The private sector also comes to the rescue through two modern sources: overseas Filipino workers and business process outsourcing. OFWs have grown from around three million in the early 1990s to an estimated 11 million today. They remitted $27 billion last year and total remittances have been growing 7 percent per annum over the past five years. BPO started in earnest a scant 12 years ago with call centers. It now employs an estimated one million young, well-paid Filipinos—from zero. Around 70 percent in call centers, but other segments (back-office processing, transcription, animation, engineering and digital content/game development) are rapidly making inroads. Total revenues last year were $18 billion—a figure not to be sniffed at.
They are a pressure valve for a system that can otherwise be in danger of collapse as the other revenue-generating activities grow too slowly. For instance, foreign direct investment (FDI), which appears to be doing really well based on a superficial glance at the numbers, is not when you dig a little. For one, it’s the lowest among the major Asian neighbors. For another, the $6.2 billion that did come in was not new investors keen to add Filipinos to their workforce. Over half (54 percent) of the $6.2 billion was intercompany borrowings, local MNCs borrowing from dad to rehabilitate, upgrade or expand.
Only 33 percent ($2 billion) was new equity investment, and only 10 percent of that, or $209 million, was in new manufacturing activities. A whopping 65 percent of that 33 percent was in finance and insurance services—supports to business, not business itself.
So net FDI was essentially for sustaining existing operations. The Philippines has still not aroused the world’s interest. The problem is it says it wants foreign investment, but does everything to discourage it with a system that is just too complex and convoluted.
Where the Philippines really stands out is in its financial stability. Many European countries would give their eyeteeth for the Philippine numbers. Just consider:
Gross international reserves at $80.8 billion, which can cover 10.6 months’ worth of imports of goods and payments of services. It’s also equivalent to 4.8 times the country’s short-term external debt based on original maturity. No risk of a default there. The world’s rating agencies have given the Philippines investment-grade ratings.

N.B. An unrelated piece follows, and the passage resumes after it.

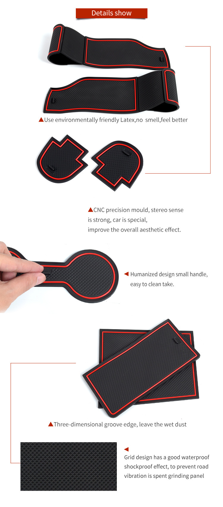 - Performance-Driven Design: Features an anti-slip textured surface, as pictured, to keep items secure and prevent rattling in door slots and cup holders.
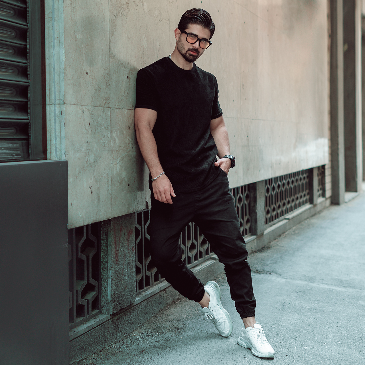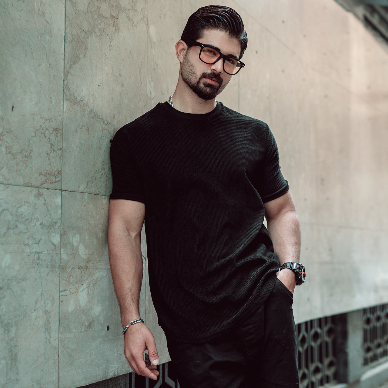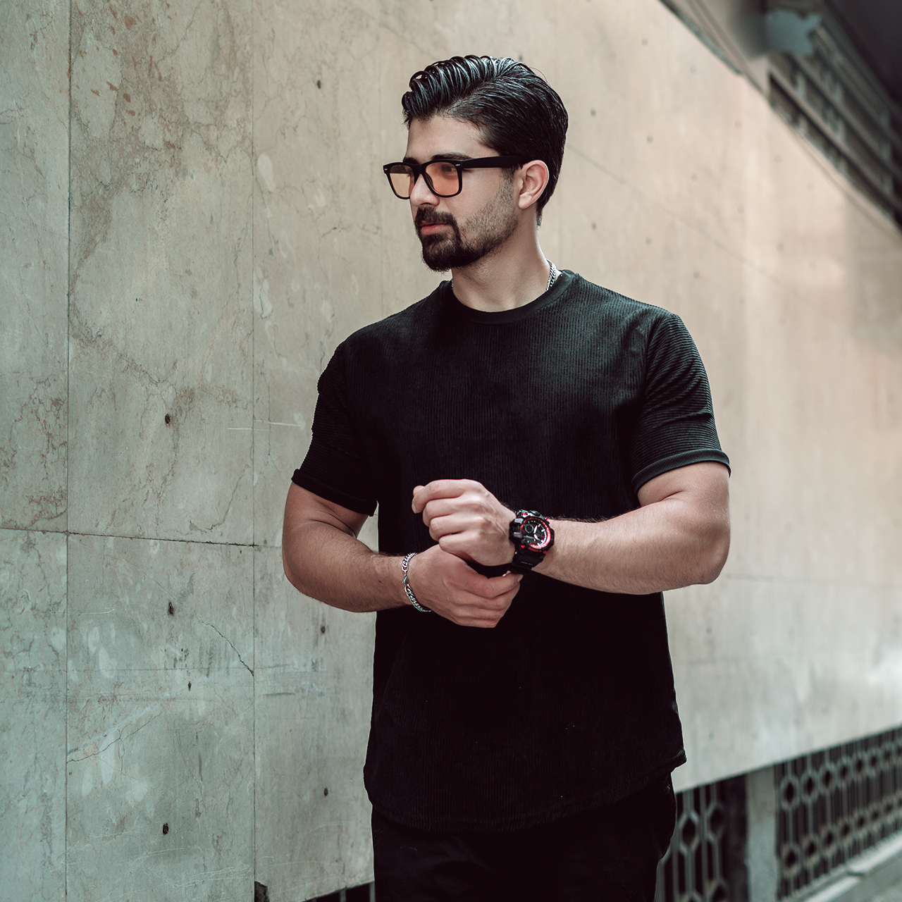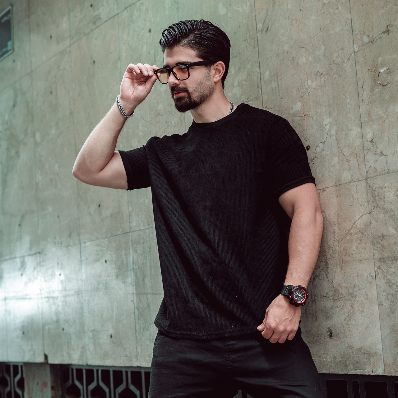 تیشرت مخمل کبریتی مشکی مردانه مدل Farshid

As for currency, the peso is stable, more influenced by American vagaries than anything the Philippines has done, or hasn’t. It hovered between P43.46 and P44.95 to the dollar last year. It is expected to stabilize at around P44:$1 this year and between P44 and P46 to the dollar in 2016.
Interest rates are also among the lowest the country has ever seen. An ordinary consumer can borrow for a house at 5.25 percent per annum from 8.7 percent four years ago.
Inflation reached 4.1 percent last year. This year it’s expected to fall into the 2.5-3.5-percent range.
It goes on, but you get the picture. This is a country in sound financial shape.
As I read the news around the world, I see one calamity after another. Russia and Greece are in danger of economic collapse. Syria and Iraq are under ruthless, people-killing rule. And many countries in the Middle East are with severe repression of free speech and the freedom to be.
We get so tied up in the trials and tribulations of this country that we tend to forget it’s far worse in far too many other places. But that doesn’t mean, as I can assure President Aquino, that all is going well here either. There is ever so much to do that he hasn’t done, but for now the country is stable, and apparently so into the future.
The Philippines is floating calmly on a stormy sea.